Patients who inactivate isoniazid slowly are at a higher risk of developing neuropathy than those who metabolize it rapidly (Nussbaum et al., 2007). On the other hand, fast acetylators may not maintain adequate drug levels throughout the week. Thus, the protocol for isoniazid therapy may not consider these genetic variations.
How nutrition can impact this health issue positively and negatively
Proper nutrition is critical in the management of diabetes, a metabolic disorder that is diagnosed when fasting plasma glucose (FPG) level is ≥ 7.0 mmol/L (Evert et al., 2013). Specialized nutritional therapy is required for better glycemic control. Evert et al. (2017) further note that “vegetables, fruits, and whole grains” are recommended over sugars as carbohydrate sources for improved health (p. 3822). Additionally, self-monitoring starch intake has a positive impact on glycemic control by lowering caloric consumption. The use of nonnutritive sweeteners (NNSs) also has the same effect.

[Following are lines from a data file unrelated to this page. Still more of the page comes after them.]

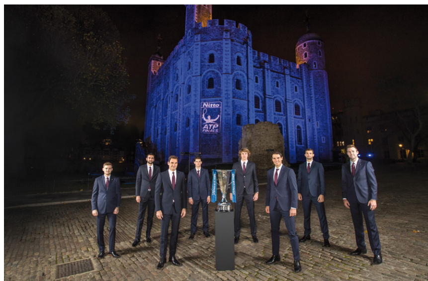
The 2017 Nitto ATP Finals qualifiers pose for the official photo at the Tower of London.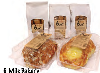
6 Mile Bakery Donuts, Danish or Butterhorn All Varieties - 4-6 Pack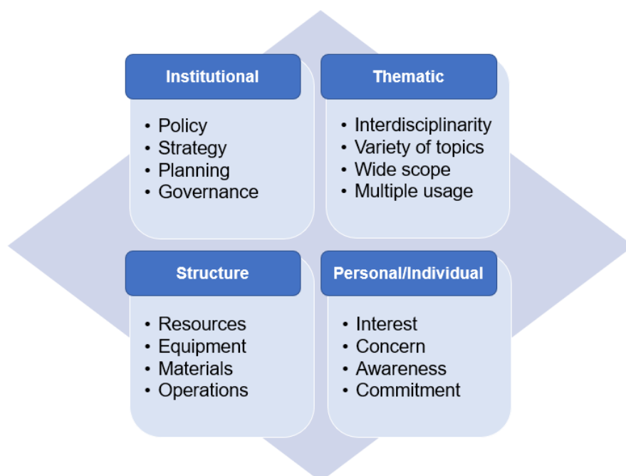
Figure 3: Factors to be considered in order to yield the expected benefits of the SDGs implementation

In addition, Table 9 describes the elements that need to be part of an institutional framework, which may have the ambition to cater to the inclusion of the SDGs.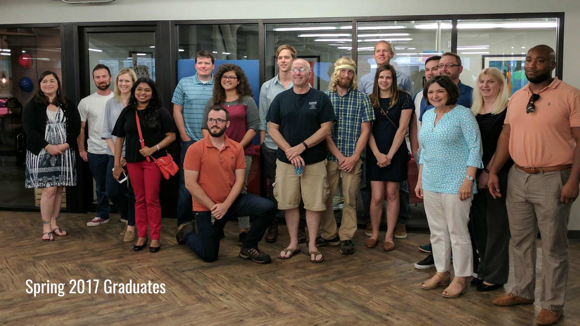
Spring 2017 Graduates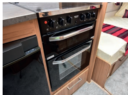
The kitchen looks smart and is well fitted-out

The lounge will seat four, and the alarm sensor and tilt sensor are placed in the centre chest's base. The drawers in that central chest add to the storage, and an occasional table extends from the top. For entertainment,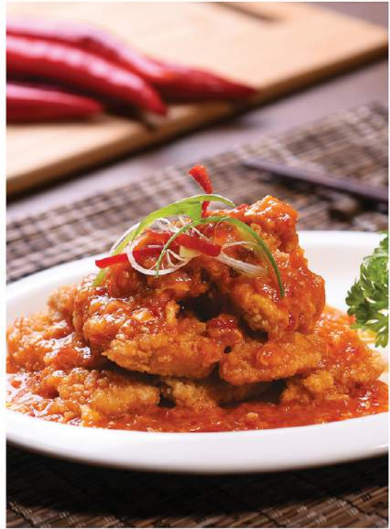
Kakap Saos Thailand THAILAND SAUCE FRIED SNAPPER Rp. 49.500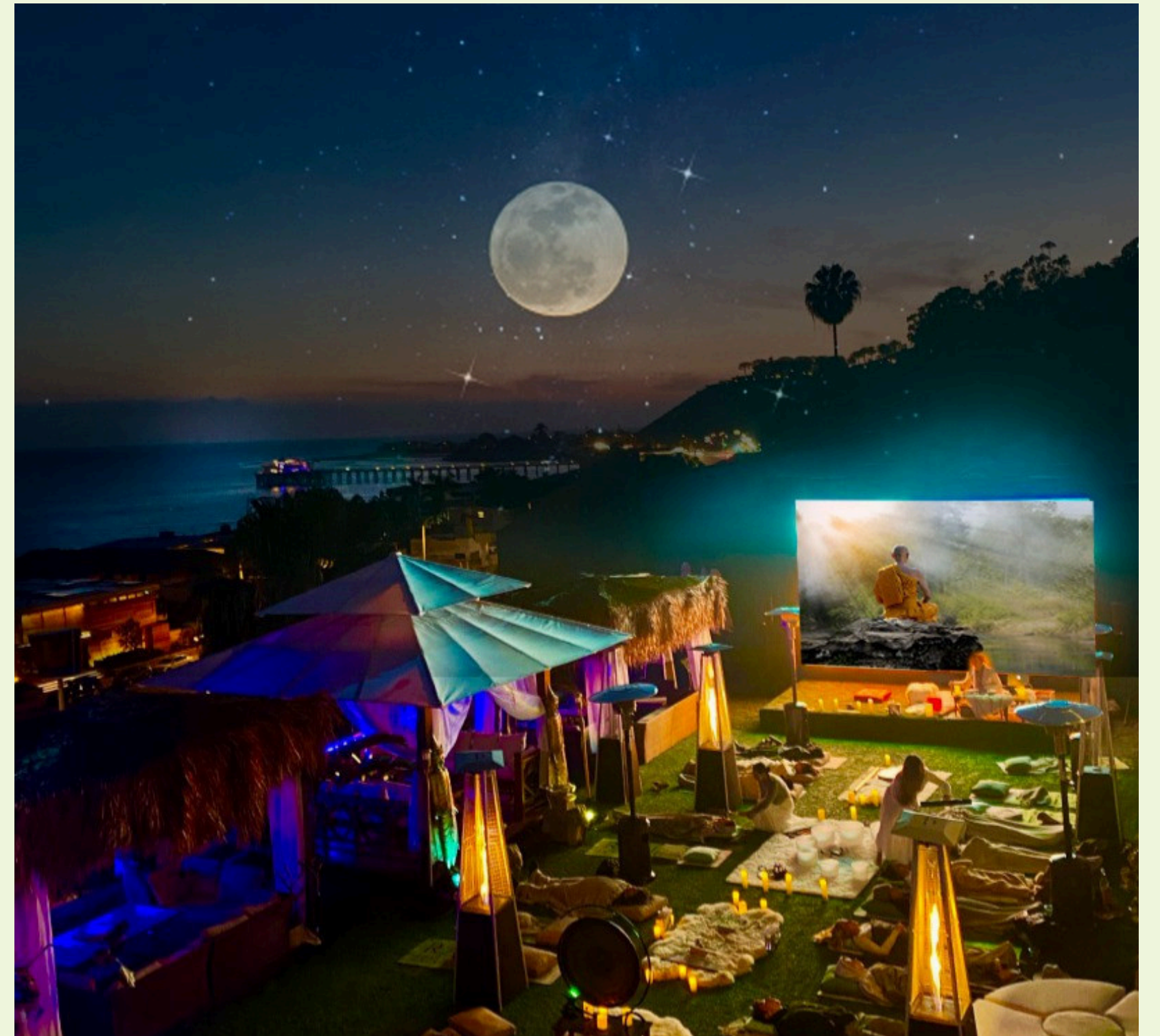
Rafi's Lounge, Malibu, CA

Join us for a naturally fragrant day of healing, performance, and rejuvenation in an environment designed to delight the senses and soothe the soul.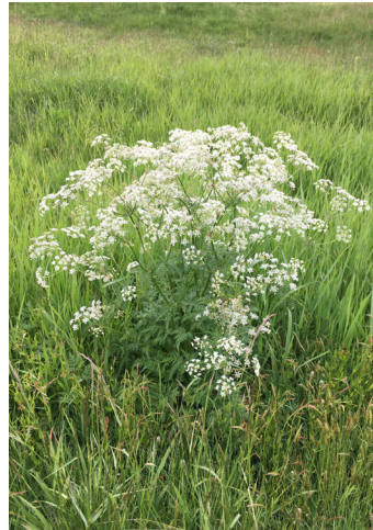
Full bloom in spring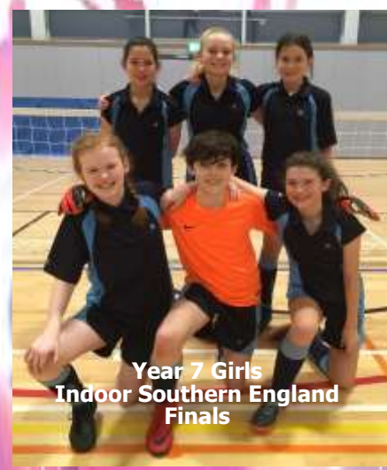
Year 7 Girls Indoor Southern England Finals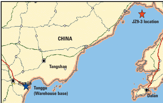
JZ9-3 field was a near ideal application for one-trip multi-zone system.

"Even with the relatively inexpensive costs in the Bohai Bay area, using the Mini-Beta system resulted in saving more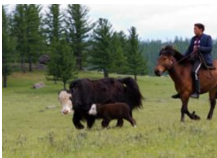
Shuranga river 📍 35km - ⌚ 6h Orkhon valley 📍

On the other hand, an intake of sweetened beverages, including fructose- or sucrose-loaded drinks can impact negatively on one’s cardiometabolic profile (Franz, 2016). High fructose consumption increases the risk of weight gain and insulin resistance (Franz, 2016). Therefore, adherence to the recommended nutritional regimen is critical in diabetes control.
The genetic and environmental influences on the malnutrition disorder
Obesity is a prevalent disorder of malnutrition. It is characterized by an elevated body mass index (BMI). Various risk factors are implicated in its causation. The main causes are a high intake of calorie- and fat-rich food and reduced physical activity (World Health Organization [WHO], 2017). These factors are environmental in nature. Syndromic obesity is known to have a genetic basis. Prader-Willi syndrome (PWS) is associated with heritable chromosomal defects that affect the loci involved in food intake regulation (Seibert, 2014).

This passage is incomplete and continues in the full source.